Exercise instructions –
Copy exactly the line containing "HYPER LED T10" and all the lines that follow it to the end of the records, minus the pictures.

Extracted information –
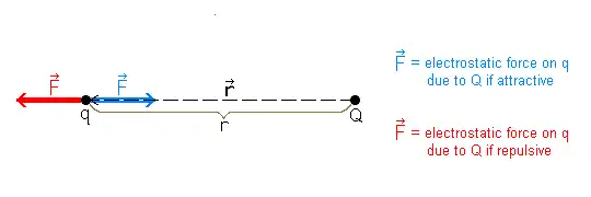 Any force on an object is a vector quantity.  Vector quantities such as forces are characterized by a numerical magnitude (i. e. basically the size of the force) and a direction.  A vector is often pictured by an arrow pointing in the direction.  In a force vector, the direction is the one in which the force pulls the object.  The symbol  is used here for the electric force vector.  If charges q and Q are either both positive or both negative, then they will repel each other.  This means the direction of the electric force  on q due to Q is away from Q in exactly the opposite direction, as shown by the red arrow in the preceding diagram.  If one of the charges is positive and the other negative, then they will attract each other.   This means that the direction of  on q due to Q is exactly in the direction towards Q, as shown by the blue arrow in the preceding diagram.  The Coulomb's equation shown above will give a magnitude for a repulsive force away from the Q charge.  A property of a vector is that if its magnitude is negative, the vector will be equal to a vector with an equivalent but positive magnitude and exactly the opposite direction.  So, if the magnitude given by the above equation is negative due to opposite charges, the direction of the resulting force will be directly opposite of away from Q, meaning the force will be towards Q, an attractive force.  In other sources, different variations of Coulombs' Law are given, including vector formulas in some cases (see Wikipedia link and reference(s) below).
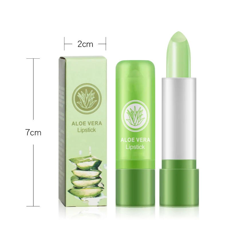Восстанавливающий бальзам для губ с изменением температуры алоэВысоконасыщенная увлажняющая 99% алоэ вера помада с изменением цветаПреимущество1. Трехмерное Увеличение губ2. Естественные изменения температуры3. Долговечный цвет4. Увлажняет губы
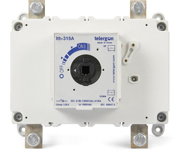 Switch–disconnectors 1 x + 1 x 315, 400Α/1500 VDC prefabricated with internal bridging , in strip connection and position of the switch (handle) on the middle, designed for easy installation. Suitable for correct disconnection on DC loads especially on photovoltaic systems.
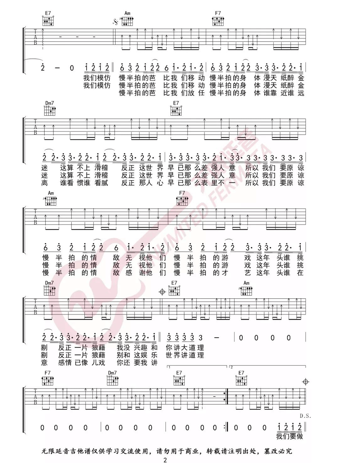 曲谱介绍: 慢半拍吉他谱_薛之谦_《慢半拍》C调扫弦版弹唱谱_高清六线谱分享,《慢半拍》是由许嵩作词作曲,薛之谦演唱的一首歌。通过这首歌薛之谦表达了对于当今时代人们随俗浮沉、审美无异又表里不一的思索与探析。 此版本的曲谱来源于无限延音扒谱制谱,这里歌曲采用C调指法进行编配,演唱时根据自己的嗓音情况夹变调夹。这首歌采用全扫弦的形式来编配,较之原版要简单一些,但缺少了原版那种律动感,适合新手练习。 慢半拍吉他谱_薛之谦_《慢半拍》C调扫弦版弹唱谱_高清六线谱1:
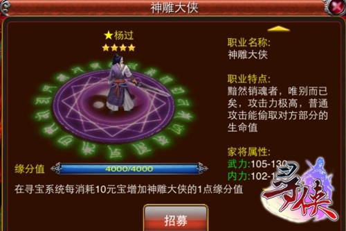想要招募杨过,可不像闯关征服那般简单,像杨过这种堪称神级的侠客,只有和他有缘之人才能得到其辅助。你可以在寻宝中找到杨过,但需要消耗一定元宝来获得缘分值,当缘分值达到规定数值时,杨过就会被激活,加入到你的队伍中为你战斗!
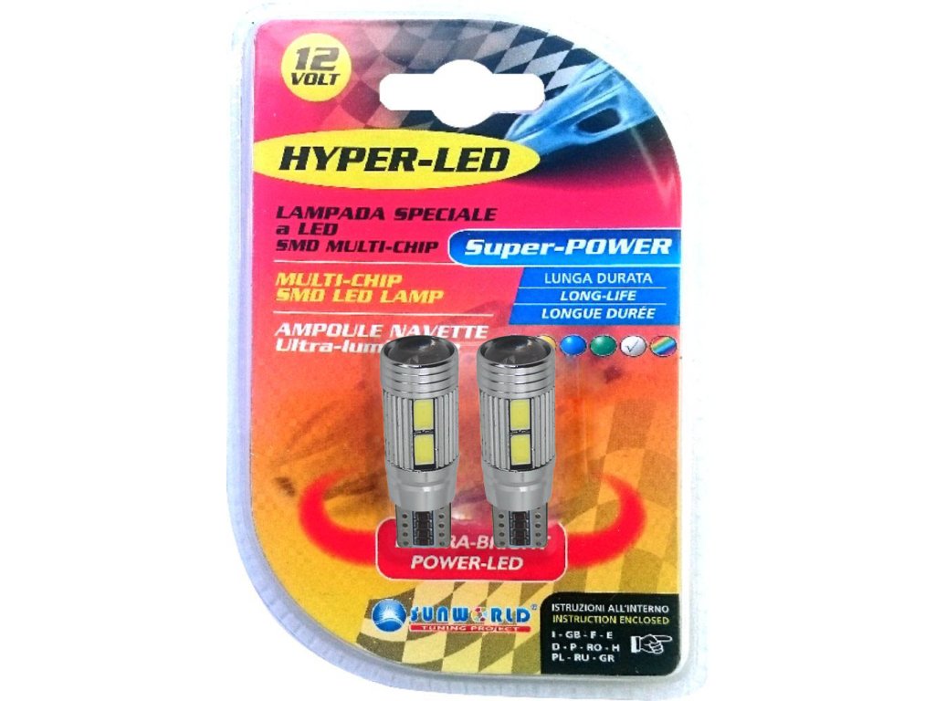 HYPER LED T10 W2,1 x 9,5 D 10 SMD x 3chips 12V biela 2ks s odporom
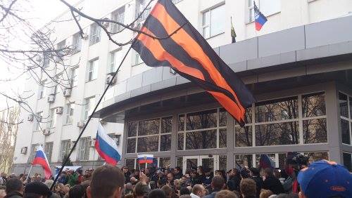 Они требуют освобождения так называемого “народного губернатора” Павла Губарева, арестованного судом на 2 месяца по подозрению в организации массовых беспорядков и сепаратизме.

Response –
 HYPER LED T10 W2,1 x 9,5 D 10 SMD x 3chips 12V biela 2ks s odporom
 Они требуют освобождения так называемого “народного губернатора” Павла Губарева, арестованного судом на 2 месяца по подозрению в организации массовых беспорядков и сепаратизме.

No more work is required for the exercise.